Lancashire has some excellent lines, too. In a meeting where Miriam’s spineless employer brainlessly repeats that “99% of the time her judgement is usually impeccable”, she snaps. “You like that percentage, don't you? Stick a flake in it before you try and sell it to the tabloids, why don’t you?"

The media angle is integral in Kiri – just as it was in Thorne’s Bafta-winning series National Treasure. In the same meeting with Miriam’s employers, a point is raised that was made by the British press. “The papers are claiming that we prioritised her cultural needs over her safety needs. They’re claiming that we allowed her into an unsafe home in order to ‘tick our lefty boxes’.” Later, when Tobi goes to identify his granddaughter’s body, he sees the tabloid headlines about his son and begins to rip the papers off the shelves.

Kiri's race is also a huge factor in the story.
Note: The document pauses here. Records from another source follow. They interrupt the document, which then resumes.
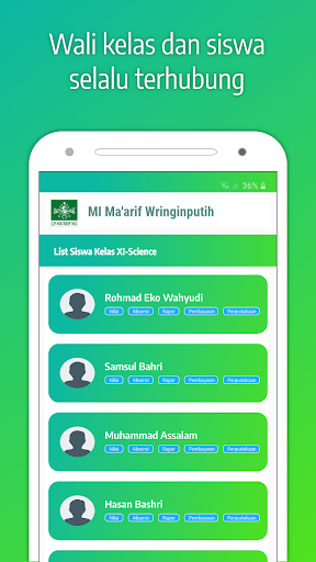 이 응용 프로그램은 MI Ma'arif Wringinputih에 속하며 학교 관리 및 온라인 수업의 웹 사이트 정보 및 관리가 포함되어 있습니다. 이 응용 프로그램 기능은 다음과 같습니다.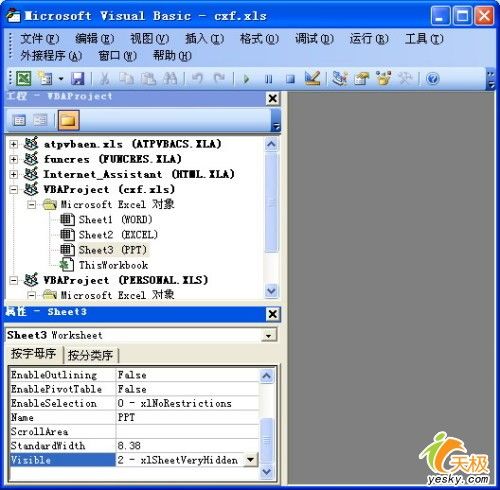 4、選中相應(yīng)工作簿中需要隱藏的工作表(如“Sheet3(PPT)”),然后在下面的屬性窗口中,找到“Visible”選項,單擊其右側(cè)的下拉按鈕,在隨后出現(xiàn)的下拉列表中,選擇 “0-xlSheetVeryHidden”選項。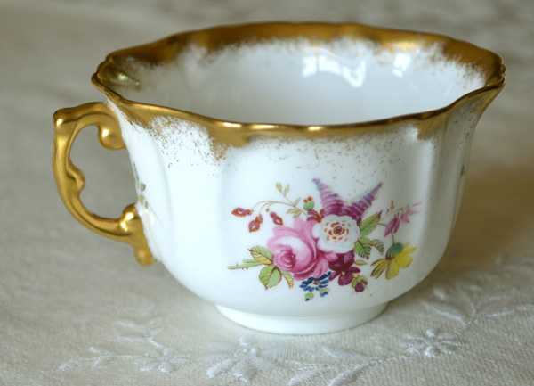 I will be so happy to have a cup of tea with you, sipping from that lovely cup,with its beautiful flowers and all the gold. Thankyou I would prefer a cup of Earl Grey,while admirering your very lovely old cup.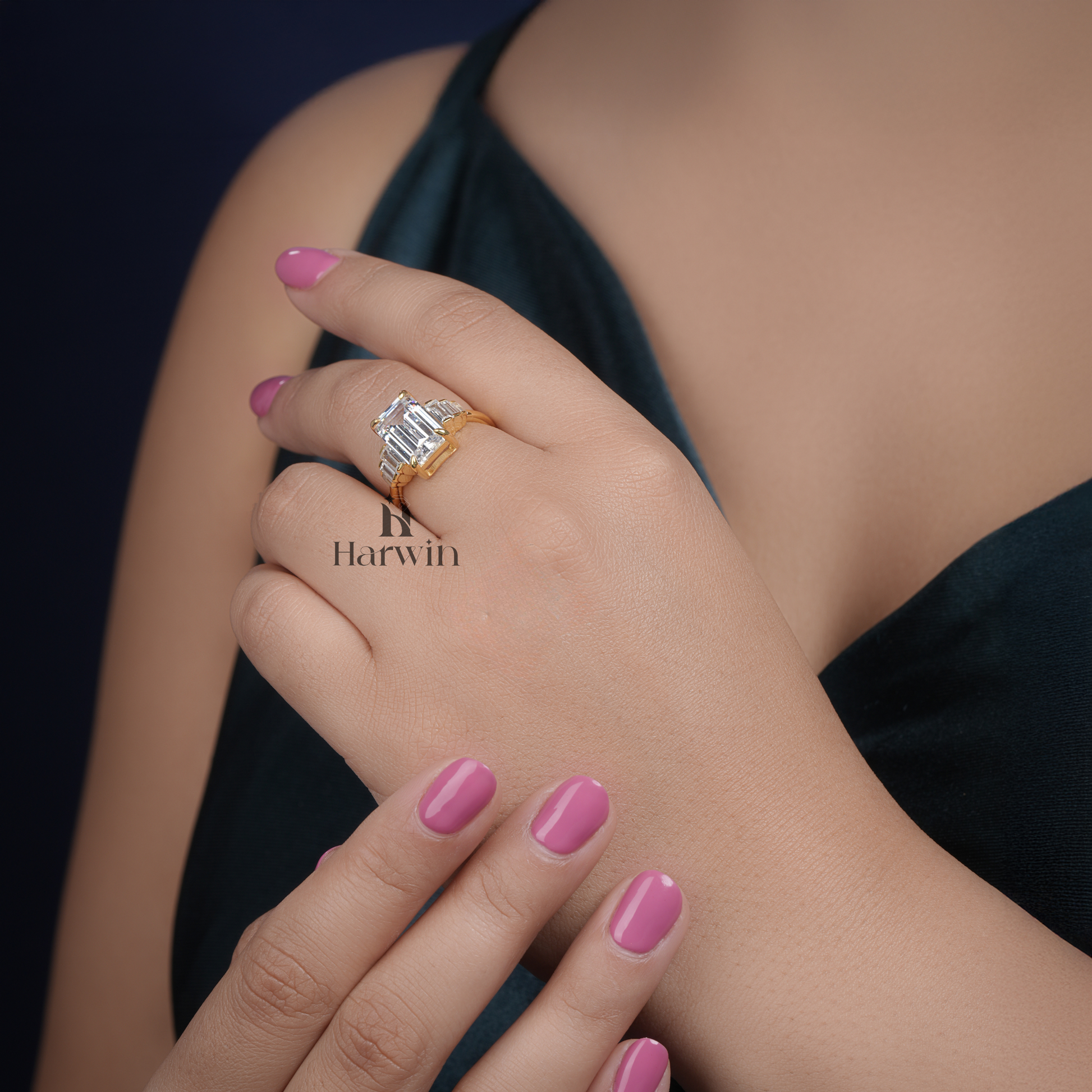 Baguette Moissanite Engagement Ring 14k Solid Gold Baguette Moissanite Diamond Ring 5 Stone Art Deco Baguette Diamond Ring.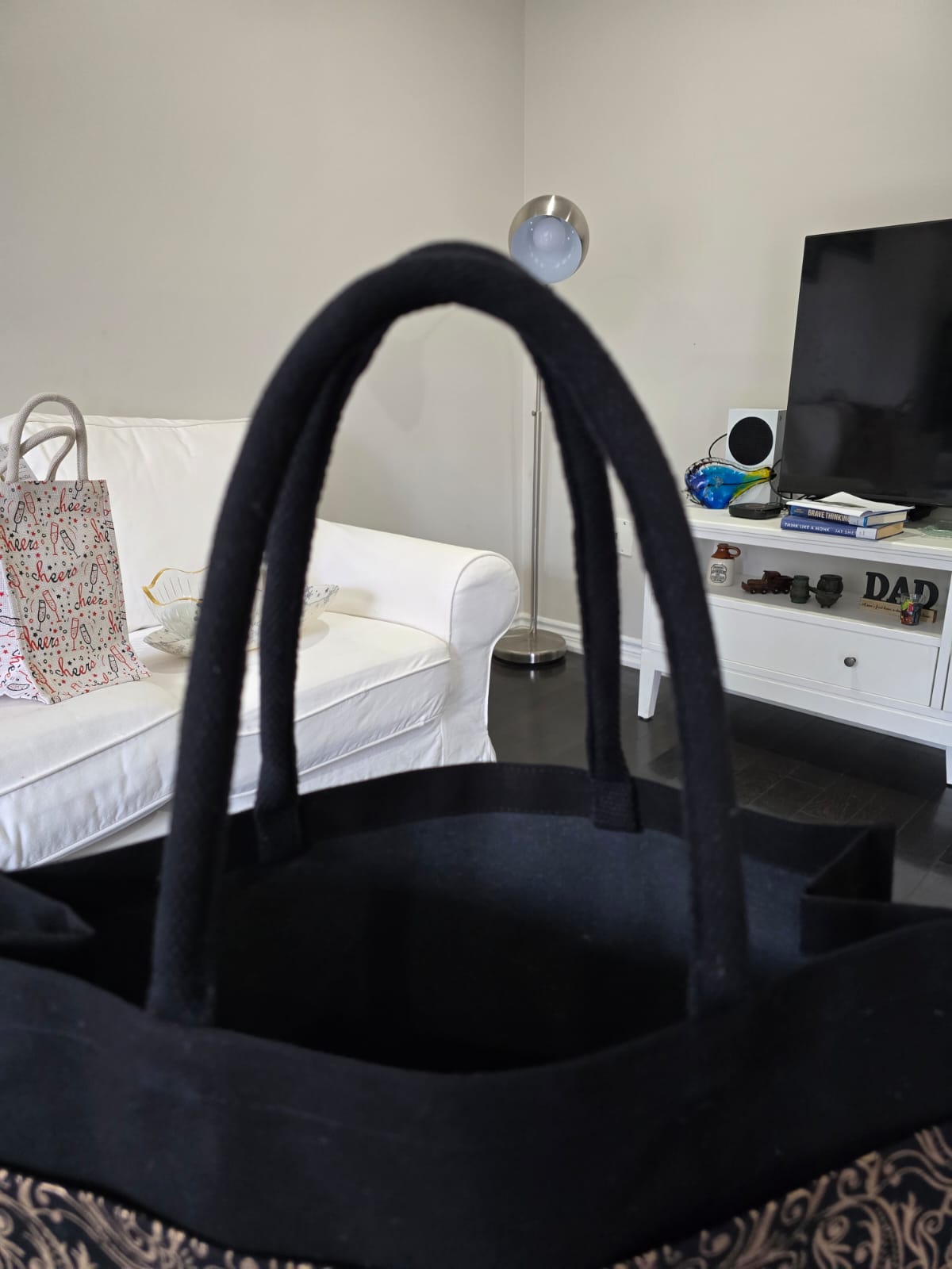 Comfortable Handles: Soft, padded cotton handles in a matching black provide a comfortable grip for all-day carrying.

This first becomes obvious when she is en route to her grandparents' house in the back of Miriam's car, and she says: "I'm black, I need to find out how black people live, I get it." It is raised again when Miriam is hounded by reporters and one shouts out: “Did you allow her unsupervised contact because she was black?”

It is after Miriam’s name is leaked to the press and she is suspended from work that she begins to spiral, and eventually ends up vomiting on her friend’s rug.


This series is already showing how difficult the decisions are that social workers make every day in the UK, posing questions about transracial adoption and making us think about the role of the British press – proving once again that Thorne is one of the most thought-provoking dramatists in the country.